(DATA BELOW):
Start of Block
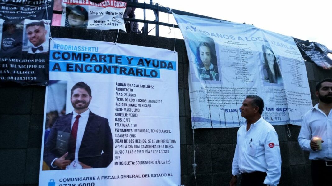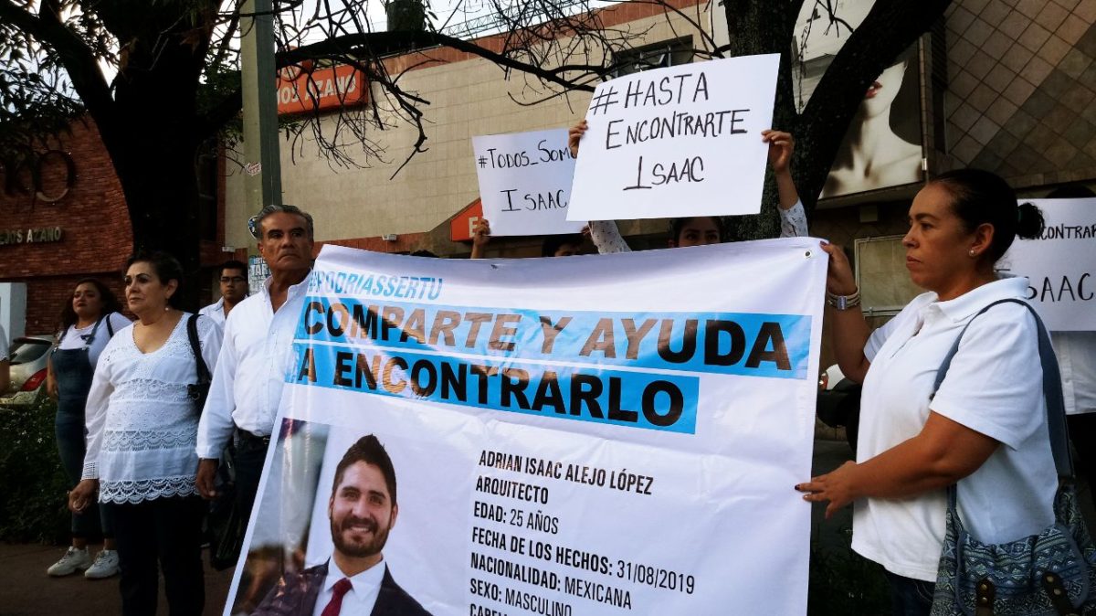 A doce días de la desaparición de Adrián Isaac Alejo López, arquitecto de 25 años de edad que fue visto por última vez en la central camionera del municipio de La Barca, Jalisco, el pasado 31 de agosto; familiares y amigos se reunieron este jueves en la Glorieta de las y los desaparecidos para colocar una lona con su rostro, nombre y datos que permitan a la sociedad ofrecer información sobre su paradero.
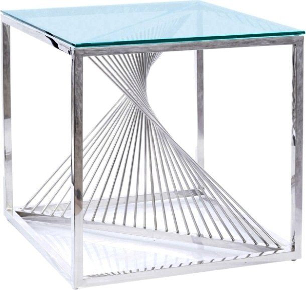 Salongbord laget av rustfritt stål. Bordplate laget av temperert glass.
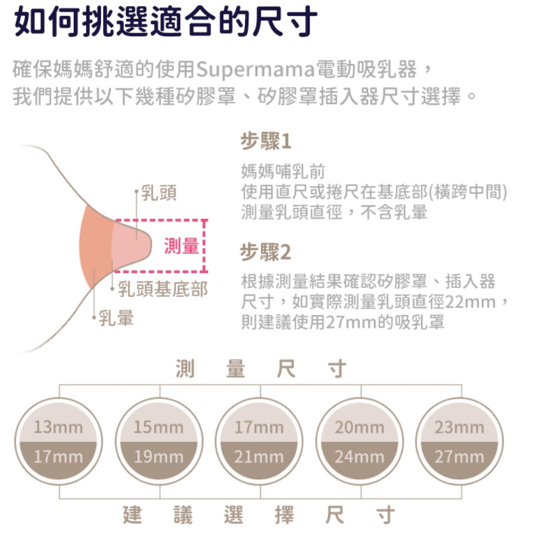 A.Supermama Air款是以罩杯內口徑與乳頭直徑的大小來做區分,Supermama無線電動吸乳器是搭配27mm的內口徑罩杯,360度貼和胸部,直接阻隔空氣,矽膠柔軟更服貼胸部,不會讓媽媽的胸部不舒服。如果媽媽的乳頭直徑小於24mm,可以再購買插入器配件搭配使用。
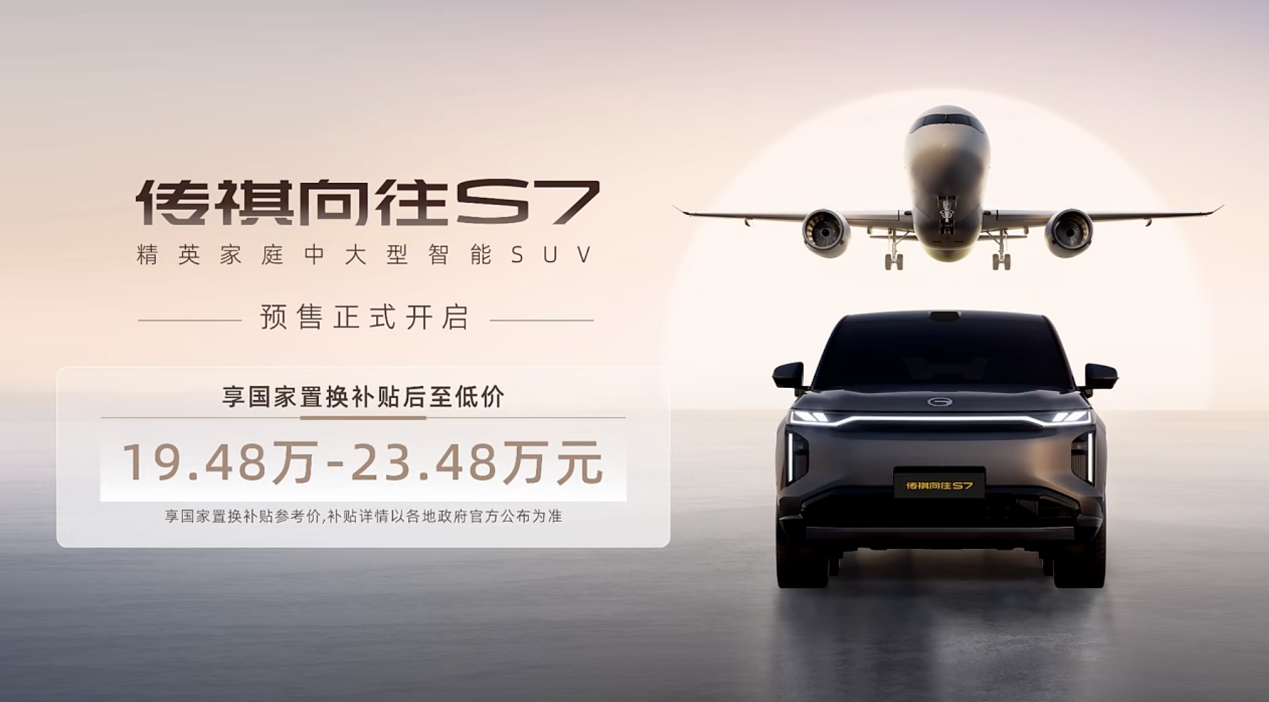 本次發(fā)布會(huì)跟C919同臺(tái)登場(chǎng)的傳祺向往S7,作為傳祺首款高階智駕車型正式開(kāi)啟預(yù)售,預(yù)售價(jià)格(國(guó)補(bǔ)后)為19.48萬(wàn)元-23.48萬(wàn)元。作為尖兵,傳祺向往S7已經(jīng)亮劍,也意味著傳祺的向上之路正式開(kāi)啟。
End of Block
(ABOUT THIS TASK): Your copy of the data above should match it exactly, apart from the images.

(WRITTEN RESPONSE):
 A doce días de la desaparición de Adrián Isaac Alejo López, arquitecto de 25 años de edad que fue visto por última vez en la central camionera del municipio de La Barca, Jalisco, el pasado 31 de agosto; familiares y amigos se reunieron este jueves en la Glorieta de las y los desaparecidos para colocar una lona con su rostro, nombre y datos que permitan a la sociedad ofrecer información sobre su paradero.
 Salongbord laget av rustfritt stål. Bordplate laget av temperert glass.
 A.Supermama Air款是以罩杯內口徑與乳頭直徑的大小來做區分,Supermama無線電動吸乳器是搭配27mm的內口徑罩杯,360度貼和胸部,直接阻隔空氣,矽膠柔軟更服貼胸部,不會讓媽媽的胸部不舒服。如果媽媽的乳頭直徑小於24mm,可以再購買插入器配件搭配使用。
 本次發(fā)布會(huì)跟C919同臺(tái)登場(chǎng)的傳祺向往S7,作為傳祺首款高階智駕車型正式開(kāi)啟預(yù)售,預(yù)售價(jià)格(國(guó)補(bǔ)后)為19.48萬(wàn)元-23.48萬(wàn)元。作為尖兵,傳祺向往S7已經(jīng)亮劍,也意味著傳祺的向上之路正式開(kāi)啟。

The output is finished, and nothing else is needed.